START DATA PROVIDED

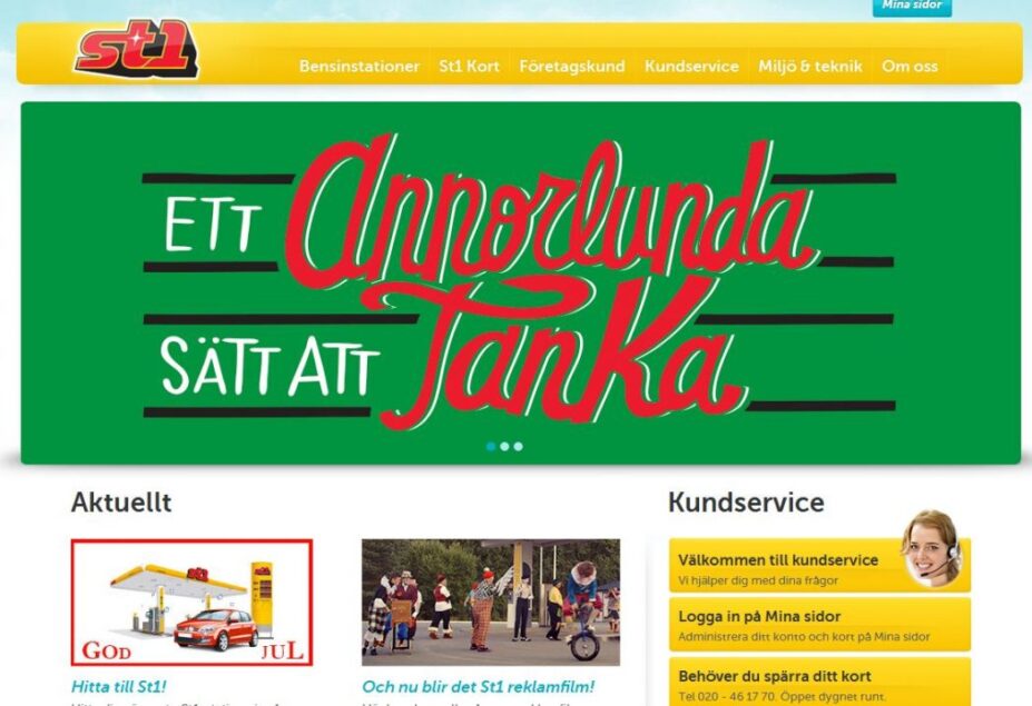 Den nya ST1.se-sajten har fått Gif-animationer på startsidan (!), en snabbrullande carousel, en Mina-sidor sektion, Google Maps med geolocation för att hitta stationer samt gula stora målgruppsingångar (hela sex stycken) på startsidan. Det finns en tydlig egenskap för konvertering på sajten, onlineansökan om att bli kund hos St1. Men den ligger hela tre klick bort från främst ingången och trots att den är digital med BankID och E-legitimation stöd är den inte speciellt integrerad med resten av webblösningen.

END DATA PROVIDED
START DATA PROVIDED

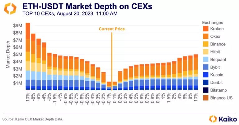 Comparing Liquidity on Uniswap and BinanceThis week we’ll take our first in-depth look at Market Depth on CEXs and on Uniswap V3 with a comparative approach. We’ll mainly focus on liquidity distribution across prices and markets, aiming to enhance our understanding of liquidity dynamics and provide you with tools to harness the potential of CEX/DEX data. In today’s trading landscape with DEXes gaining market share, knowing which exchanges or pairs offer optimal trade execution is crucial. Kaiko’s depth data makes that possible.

END DATA PROVIDED
START DATA PROVIDED

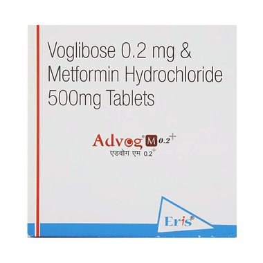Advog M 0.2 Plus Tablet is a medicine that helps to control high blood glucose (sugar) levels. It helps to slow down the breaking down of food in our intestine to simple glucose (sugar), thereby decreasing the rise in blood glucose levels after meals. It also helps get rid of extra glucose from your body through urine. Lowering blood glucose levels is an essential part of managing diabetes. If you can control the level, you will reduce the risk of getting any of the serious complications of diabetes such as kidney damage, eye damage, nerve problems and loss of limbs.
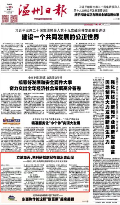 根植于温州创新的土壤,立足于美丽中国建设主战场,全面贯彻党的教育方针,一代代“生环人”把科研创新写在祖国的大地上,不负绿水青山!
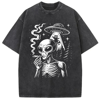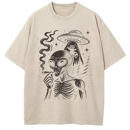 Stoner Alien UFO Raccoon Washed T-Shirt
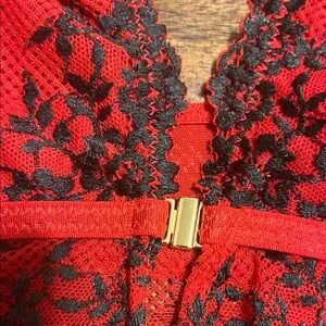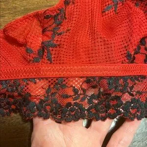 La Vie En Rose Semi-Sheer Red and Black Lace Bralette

END DATA PROVIDED

- _PROBLEM DESCRIPTION_
Your reply should consist solely of the lines above from the line containing "根植于温州创新的土壤,立足于" up to and including the line containing "La Vie En Rose", reproduced exactly, minus the pictures.

- _SOLVED EXERCISE_
 根植于温州创新的土壤,立足于美丽中国建设主战场,全面贯彻党的教育方针,一代代“生环人”把科研创新写在祖国的大地上,不负绿水青山!
 Stoner Alien UFO Raccoon Washed T-Shirt
 La Vie En Rose Semi-Sheer Red and Black Lace Bralette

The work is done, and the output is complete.